Parlons crèches
Dans le journal suisse Le Temps, du 17 décembre dernier, Rinny Gremaud proposait une réflexion fort intéressante sur les crèches, sous le titre «Les crèches à l’épreuve de la laïcisation». Avec de légères variantes, le quotidien montréalais Le Devoir publiait l’article de Gremaud dans son édition du 22 décembre sous le titre «Les crèches résistent… même à l’athéisme». Extraits.
Dans la région genevoise, les crèches ne s’étalent pas sur les places publiques ou les églises, contrairement aux terres catholiques, où elles sont partout durant décembre. Chez les protestants, les crèches nichent dans l’intimité des familles. Parce que la révolution protestante a fait du foyer le lieu principal de la piété, explique le théologien Daniel Marguerat. «C’est l’une des grandes conquêtes de la Réforme d’avoir ramené la célébration de Noël à domicile.»

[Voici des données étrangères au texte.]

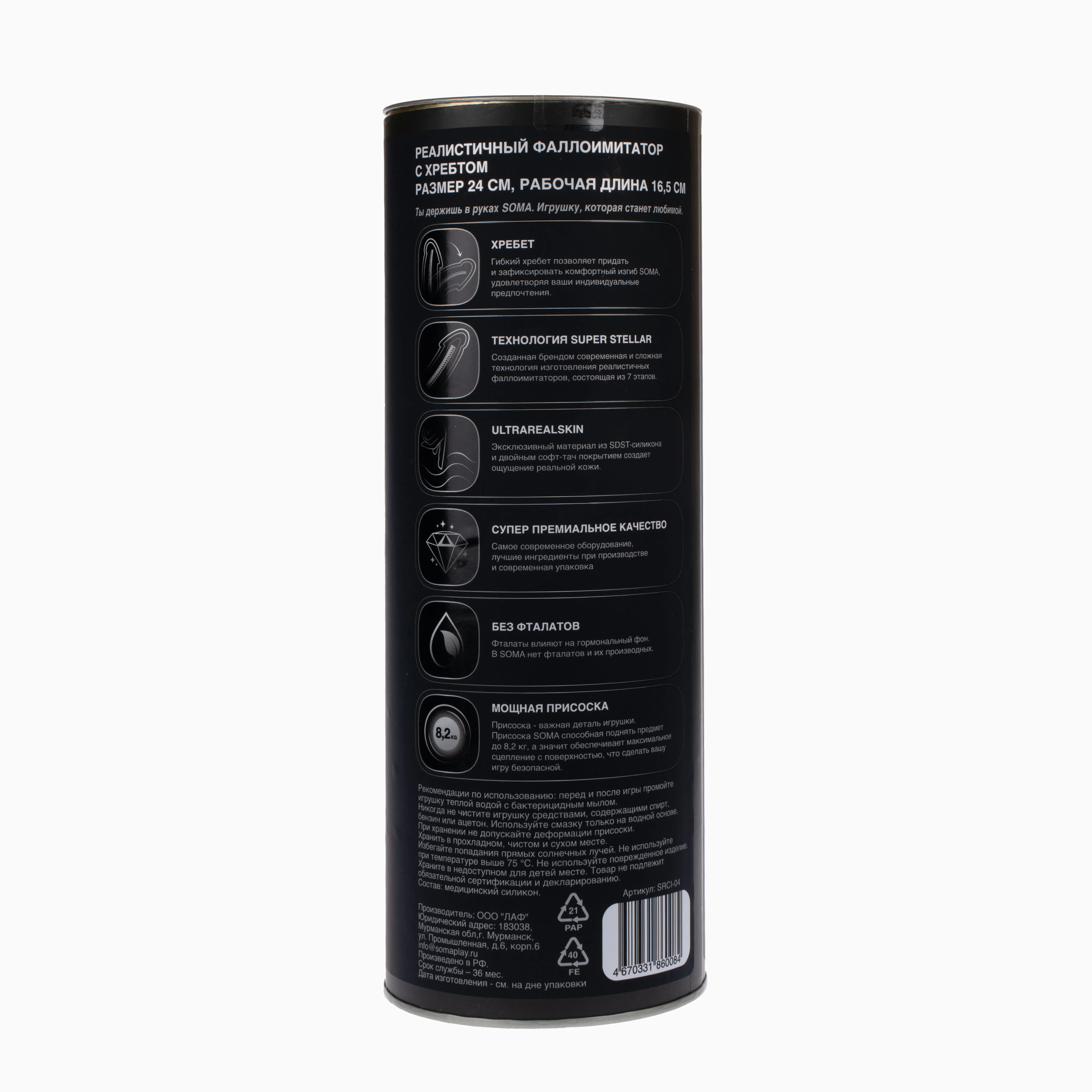 Только для тебя - товары для взрослых SOMA упакованы анонимно. Ваша покупка останется в секрете от посторонних глаз. Наши игрушки упакованы в тубы, в которых не повреждается присоска. Рекомендуем использовать с любыми лубрикантами и смазками за исключением силиконовых.

«Les crèches mettant en scène la naissance du Christ, ont été conçues comme outil de catéchèse populaire par saint François d’Assise.» Un outil si formidable qu’il a survécu à la Réforme : «Dans un premier temps, les crèches ont disparu avec la mise au ban de toute représentation imagée de la religion, en particulier des saints. L’idée de la Réforme était de supprimer les intermédiaires entre les croyants et le Sauveur. Mais les personnages de la crèche ne sont pas des saints. Leur retour sur la pointe des pieds a donc été possible, et il s’est opéré plus ou moins dès la fin du XVIIe siècle. De toute manière, l’usage de ces figurines était si bien implanté dans la culture populaire qu’une éradication complète était certainement vouée à l’échec.»
Côté «storytelling», il faut dire que la Nativité a tout pour plaire, ce qui explique son succès durable. «Cette naissance dans la clandestinité, puis la venue merveilleuse des Rois mages qui ont suivi une étoile, c’est un mélange de simplicité totale et de mystère. Aujourd’hui encore, ce récit conserve tout son pouvoir d’enchantement», commente Roland Campiche, sociologue des religions à l’Université de Lausanne.
Jadis, […] les figurines de la Nativité étaient un produit de luxe. «Seules les familles bourgeoises pouvaient en installer à domicile», explique Paul Hugger, historien retraité des cultures populaires. Signes de distinction, les crèches ont alors lentement infiltré le champ des arts décoratifs. «Aujourd’hui, même des non-croyants installent des crèches sous le sapin. Parce que c’est pittoresque, comme une maquette de train. Cela plaît aux enfants.»
Puis les crèches n’ont pas tardé à être récupérées par le secteur commercial. Aujourd’hui, des associations de commerçants animent les rues des centres-villes avec des crèches vivantes, avec bœufs, ânes et moutons, toujours pour attirer les familles. Réduite à sa dimension décorative, comme le sapin de Noël, la scène de la Nativité semblait toute prête à basculer du côté du folklore. […]
Or, comme après la Réforme, les crèches sont en train de survivre à la laïcité orthodoxe, du moins dans l’intimité des foyers. Plusieurs familles athées continuent d’en placer au pied du sapin. «J’en ai toujours fait avec mes parents», invoque-t-on. […]
Héritage, transmission, pédagogie : la crèche, avec ses figures imposées, et sa récurrence rituelle, demeure le véhicule de tout cela à la fois. Certains parents cherchent à réinjecter du merveilleux, et quelque chose de transcendant, par une tradition qui les renvoie à leur propre enfance. «Les rites porteurs de l’histoire personnelle sont devenus rarissimes, commente Daniel Marguerat. Or Noël reste ce point fixe dans l’année, souvent attaché à des souvenirs positifs, la magie de l’enfance. Même quand les gens quittent la pratique religieuse, ils en conservent parfois la dimension rituelle structurante.» […]
Les photographies attachées à ce billet furent prises dimanche dernier, le 21 décembre, à l’église Saint-Sauveur, 215, avenue des Oblats, à Québec.
Je profite de l’occasion pour vous transmettre mes Meilleurs Voeux Monsieur Provencher ainsi qu’une Bonne Année 2015. Continuez votre magnifique travail et bonne santé !
Merci beaucoup, cher Monsieur Desmeules. Je vous souhaite une année de paix. Et oui, absolument, la santé à vous de même.